Problem to solve: Below is a listing. Copy each line of it that holds the word "into".

Material provided:
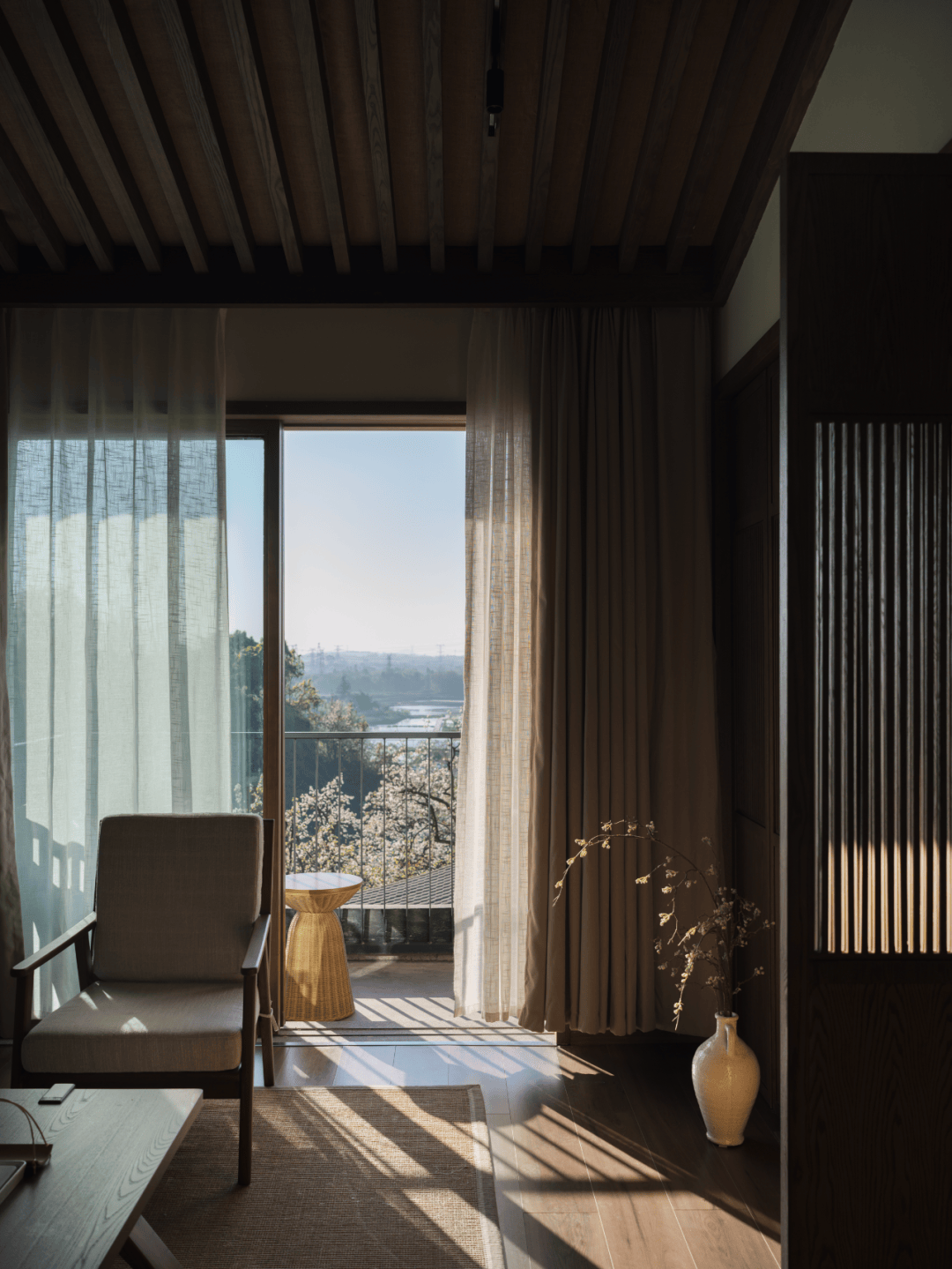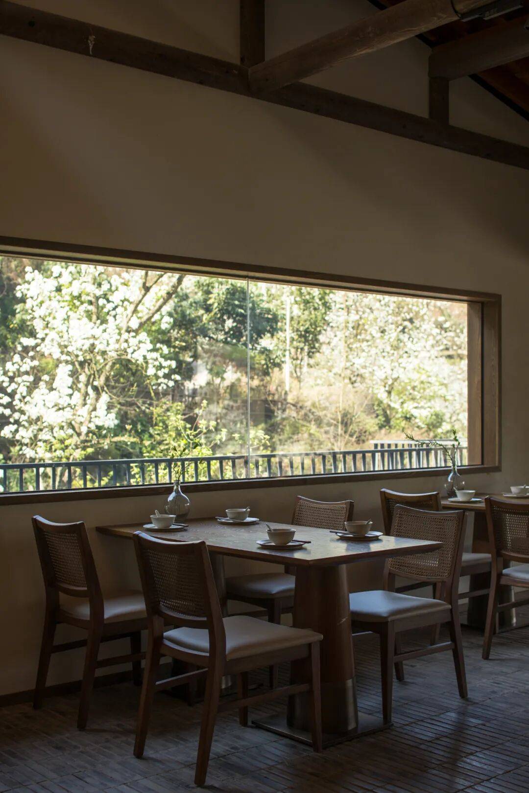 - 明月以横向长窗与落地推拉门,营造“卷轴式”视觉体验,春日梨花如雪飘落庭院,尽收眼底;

* * *

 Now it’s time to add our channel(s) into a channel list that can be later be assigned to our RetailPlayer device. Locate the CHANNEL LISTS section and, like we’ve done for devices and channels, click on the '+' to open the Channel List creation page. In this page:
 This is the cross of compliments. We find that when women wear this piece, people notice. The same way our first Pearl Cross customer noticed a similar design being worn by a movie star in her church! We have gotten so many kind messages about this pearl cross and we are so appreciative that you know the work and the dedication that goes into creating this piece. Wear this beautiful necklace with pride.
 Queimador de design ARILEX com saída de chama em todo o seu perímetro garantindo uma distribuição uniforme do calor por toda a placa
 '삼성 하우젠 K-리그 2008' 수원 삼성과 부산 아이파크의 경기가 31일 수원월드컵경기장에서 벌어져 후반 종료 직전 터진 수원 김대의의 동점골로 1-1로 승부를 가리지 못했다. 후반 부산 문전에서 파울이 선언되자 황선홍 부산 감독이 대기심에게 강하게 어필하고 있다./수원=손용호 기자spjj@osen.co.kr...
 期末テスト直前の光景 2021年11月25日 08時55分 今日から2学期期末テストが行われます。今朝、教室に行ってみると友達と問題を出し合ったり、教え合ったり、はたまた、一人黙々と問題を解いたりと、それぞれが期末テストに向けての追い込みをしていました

Written answer:
 Now it’s time to add our channel(s) into a channel list that can be later be assigned to our RetailPlayer device. Locate the CHANNEL LISTS section and, like we’ve done for devices and channels, click on the '+' to open the Channel List creation page. In this page:
 This is the cross of compliments. We find that when women wear this piece, people notice. The same way our first Pearl Cross customer noticed a similar design being worn by a movie star in her church! We have gotten so many kind messages about this pearl cross and we are so appreciative that you know the work and the dedication that goes into creating this piece. Wear this beautiful necklace with pride.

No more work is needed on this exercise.